- **PROBLEM TO SOLVE**:
In the listing below, locate the line containing "Parade van meisjes"; reproduce that line and all lines that follow it, unchanged.

- **DATASET EXTRACT**:
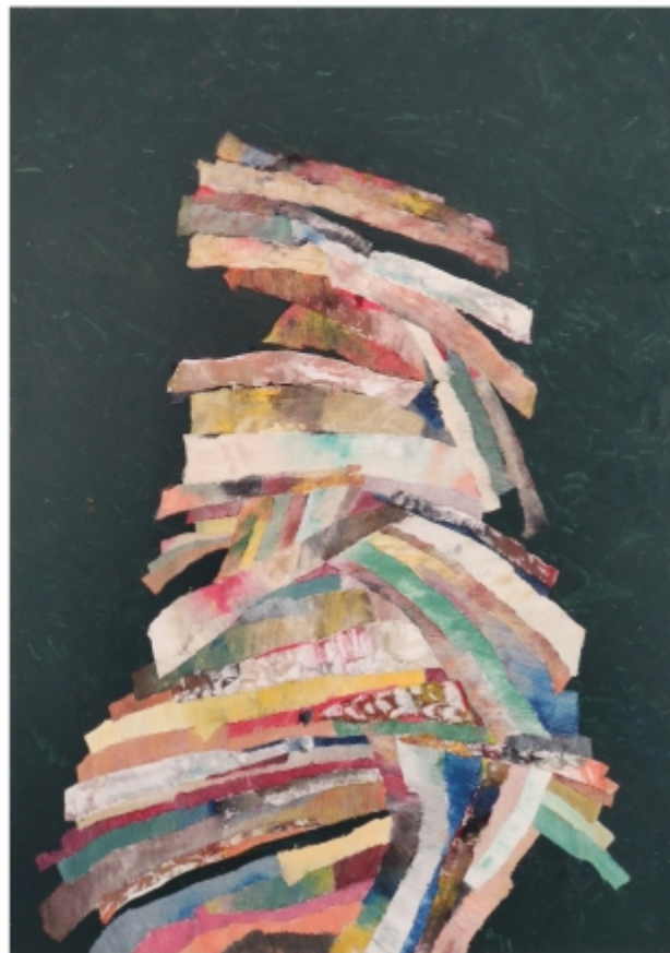
"Claie" Basarab Păltânea
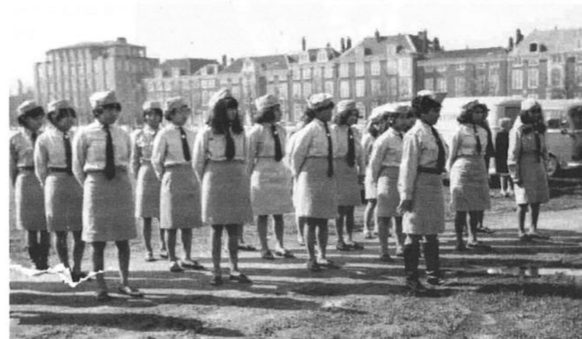
Parade van meisjes uit Teuge op het Malieveld in Den Haag, ter gelegenheid van de viering van 25 april.

De taal was in het begin een groot struikelblok, maar door de omgang met de Ne-

- **EXERCISE RESULT**:
Parade van meisjes uit Teuge op het Malieveld in Den Haag, ter gelegenheid van de viering van 25 april.

De taal was in het begin een groot struikelblok, maar door de omgang met de Ne-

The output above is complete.